The fact remains that caching "as much as possible" tends to be harmful,
and some careful limiting would be a good investment.

> There is a second consideration in selecting the data structure for the
> dlm lock/resource etc. tables, which is the locking. Using a simple hash
> table does make it much easier to use RCU based locking which is a great
> advantage if there are a lot of look up operations compared with the
> number of insert/remove operations. That becomes a lot more difficult
> (and requires a much greater lookup to insert/remove ratio) when trees
> are involved.
> 
> We have run into the same kind of issues with GFS2's glock hash table.

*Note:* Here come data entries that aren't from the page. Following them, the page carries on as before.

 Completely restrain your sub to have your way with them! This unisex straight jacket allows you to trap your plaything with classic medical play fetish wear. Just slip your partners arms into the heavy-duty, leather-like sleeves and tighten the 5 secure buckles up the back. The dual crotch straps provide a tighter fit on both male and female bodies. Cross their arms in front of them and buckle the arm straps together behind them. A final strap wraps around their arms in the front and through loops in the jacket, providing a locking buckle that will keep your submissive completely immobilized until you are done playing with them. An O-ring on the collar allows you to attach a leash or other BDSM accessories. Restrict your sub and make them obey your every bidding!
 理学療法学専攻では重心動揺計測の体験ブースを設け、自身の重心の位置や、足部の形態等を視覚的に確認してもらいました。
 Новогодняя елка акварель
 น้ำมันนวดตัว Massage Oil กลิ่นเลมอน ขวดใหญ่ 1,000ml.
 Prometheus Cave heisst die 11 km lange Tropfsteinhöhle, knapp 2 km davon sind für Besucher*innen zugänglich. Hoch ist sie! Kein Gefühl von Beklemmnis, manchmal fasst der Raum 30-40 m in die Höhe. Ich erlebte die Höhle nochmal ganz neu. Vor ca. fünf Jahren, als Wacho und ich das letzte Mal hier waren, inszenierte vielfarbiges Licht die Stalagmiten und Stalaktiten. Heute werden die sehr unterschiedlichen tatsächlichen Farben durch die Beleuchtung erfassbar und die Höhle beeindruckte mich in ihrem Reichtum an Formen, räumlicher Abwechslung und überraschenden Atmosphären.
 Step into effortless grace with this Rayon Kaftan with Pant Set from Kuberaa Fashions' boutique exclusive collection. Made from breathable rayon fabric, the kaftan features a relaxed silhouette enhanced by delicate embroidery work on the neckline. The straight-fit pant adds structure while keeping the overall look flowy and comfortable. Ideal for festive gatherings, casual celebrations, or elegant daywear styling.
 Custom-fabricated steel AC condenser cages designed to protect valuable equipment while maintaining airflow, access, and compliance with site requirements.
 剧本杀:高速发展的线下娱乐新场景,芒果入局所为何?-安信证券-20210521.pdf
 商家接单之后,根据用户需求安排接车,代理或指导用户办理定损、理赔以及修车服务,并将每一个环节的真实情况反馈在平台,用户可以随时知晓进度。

> We firstly reduced the size of the hash buckets to a single pointer so
> that we could have a lot more hash heads for the given amount of memory.

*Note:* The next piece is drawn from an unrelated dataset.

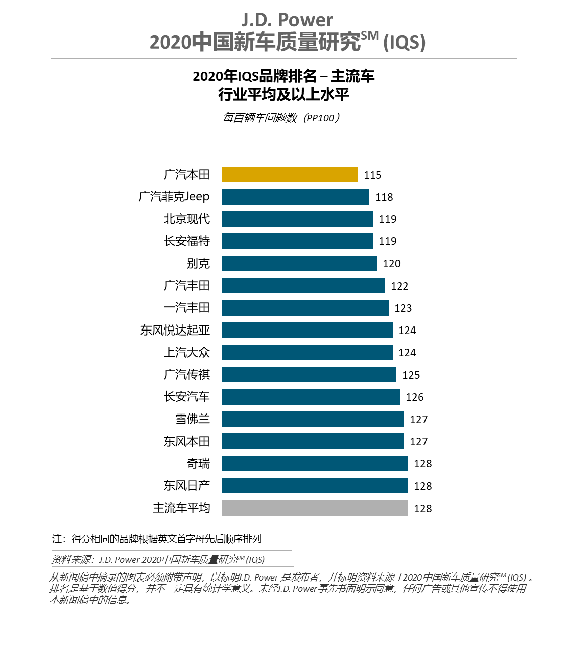 广汽本田(115个PP100)摘得主流车细分市场新车质量第一。广汽菲克Jeep(118个PP100)排名第二,北京现代与长安福特(119个PP100)并列第三。广汽传祺(125个PP100)连续第八年获中国自主品牌第一。

> Currently we have 2^16 hash table entries.
> 
> Also, we are now using RCU in order to reduce the locking overhead as
> much as possible. We still have a spinlock for the lru list, but that is
> not taken that much by comparison, and there is no locking in the lookup
> path now except to disable preempt through the small critical section.
> 
> I'm not yet convinced that this is enough, even so. I would like to see
> a tree based system for the glocks at some future point, but the
> complexity of tree based RCU is currently putting me off, despite the
> obvious benefits of a log N (where N is the number of items in the tree)

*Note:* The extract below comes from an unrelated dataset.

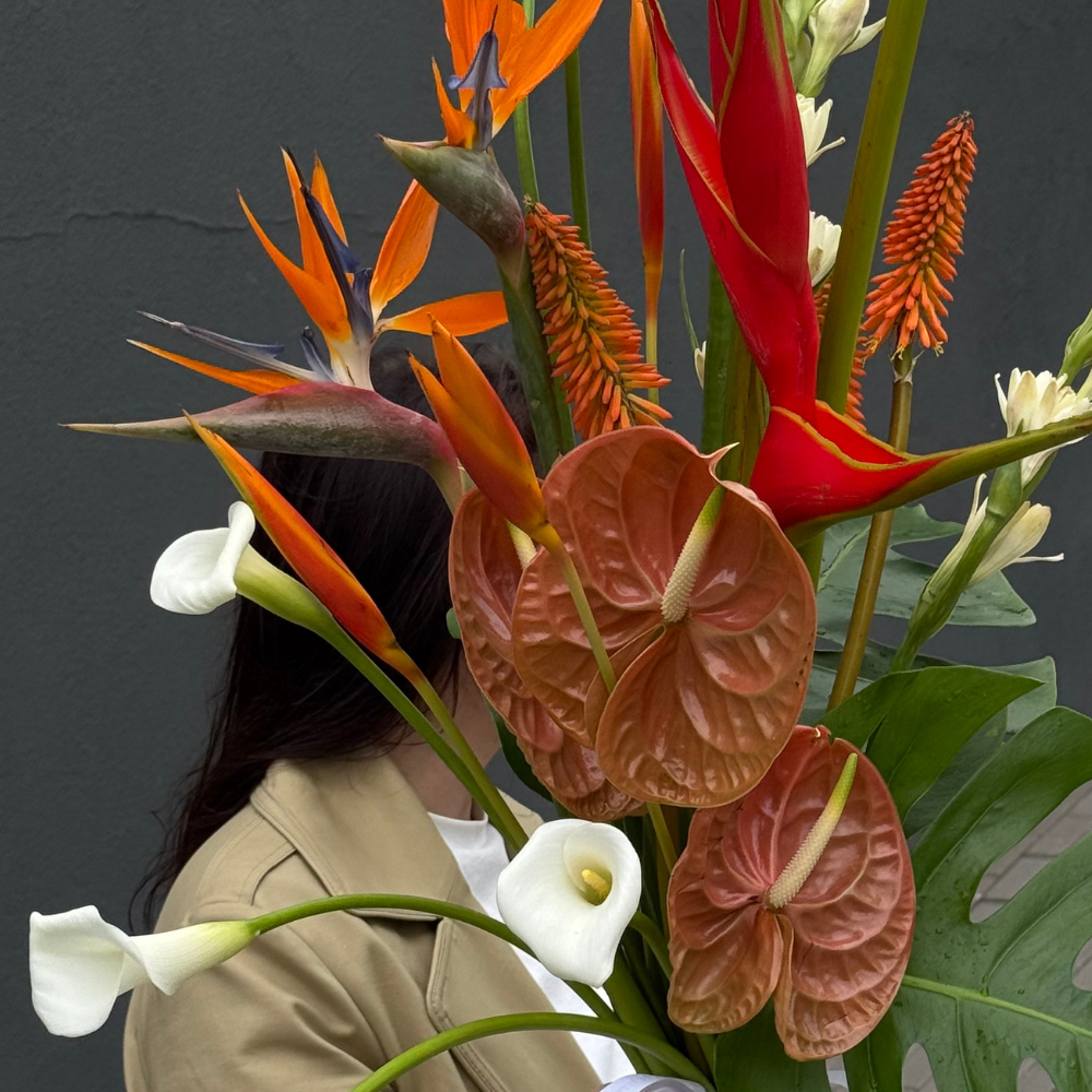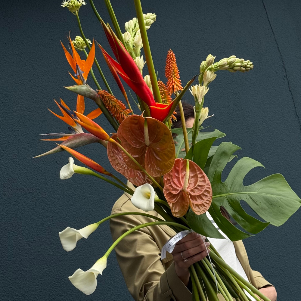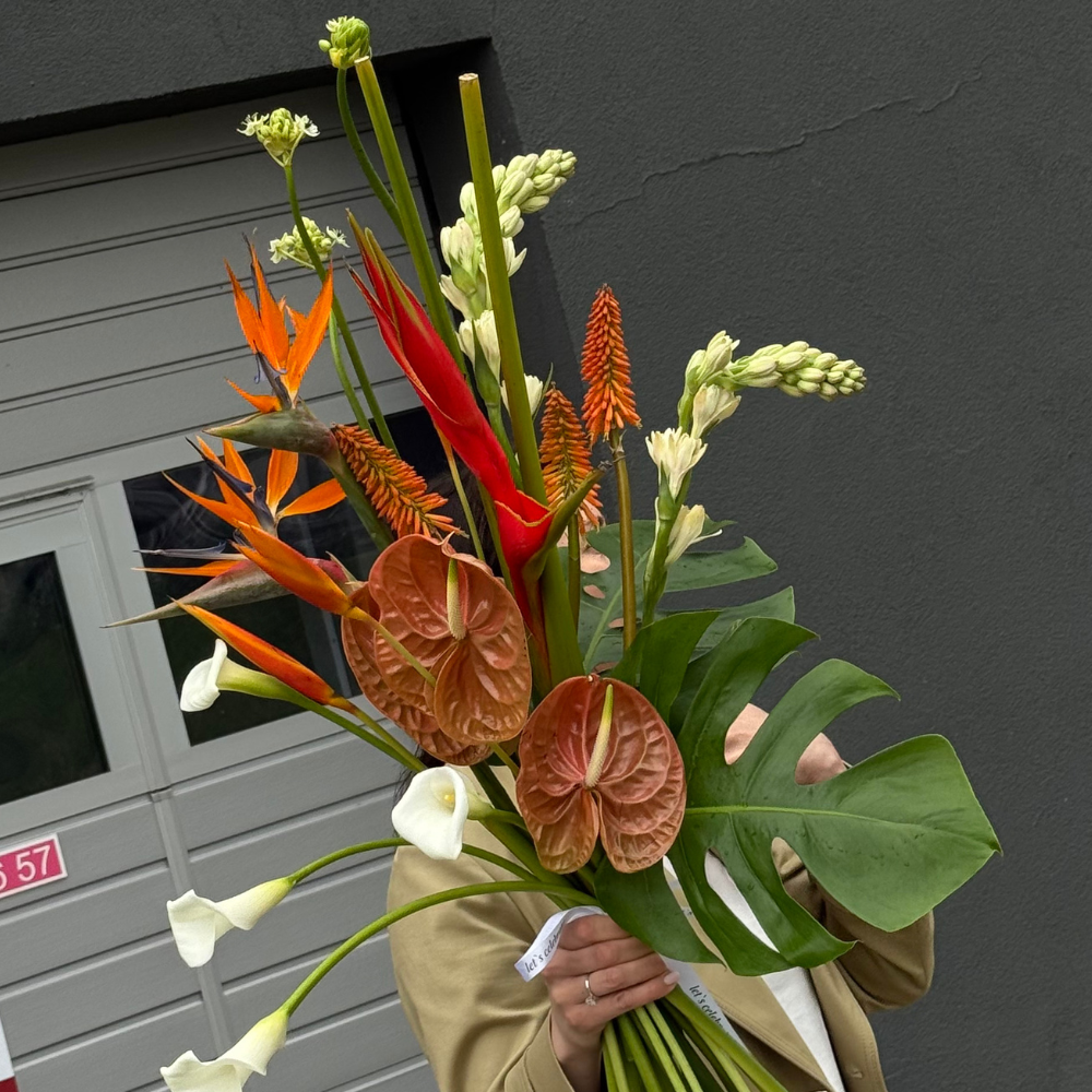 WOW-букет на основе антуриумов, стрелиции, тубирозы, орнитогалума, калл.

> lookup compared with the N/2 average lookup time for a hash chain. We'd
> need to add an seq lock on the read side which would take away some of
> the benefit of using RCU in the first place.
> 
> However, where we have scored real performance gains is simply by
> avoiding looking up the glocks at all. Hence why we cache them in the
> inodes, and this is also why the void pointer we pass to the dlm is a
> pointer to the glock, so there are then no hash table lookups when we
> receive dlm replies. I think there is scope to explore this option in
> the dlm in a few places too.
> 
> Our most recent expansion of this concept in gfs2 was the addition of a
> variable in the inode to cache the last resource group used. This
> reduces the number of lookups of the resource group data structure
> dramatically during block allocations and deallocations.
> 
> Anyway, I just wanted to point out some of the tradeoffs of the possible
> choices available in making gfs2/dlm scale to larger numbers of inodes.
> I would very much like to have an RCU based rbtree (or similar) which
> doesn't require the seq_lock if anybody has suggestions on how to
> achieve that,

While you don't want to be blatently inefficient, I suspect investing time
into things like RCU runs afoul of Amdahl's Law.  i.e. you could reduce
the time of the data structure operations to 0 and not affect real world
performance.

When deciding where to focus improvements, I think cache limting could
produce a big payoff, and data structure optimizations a small payoff.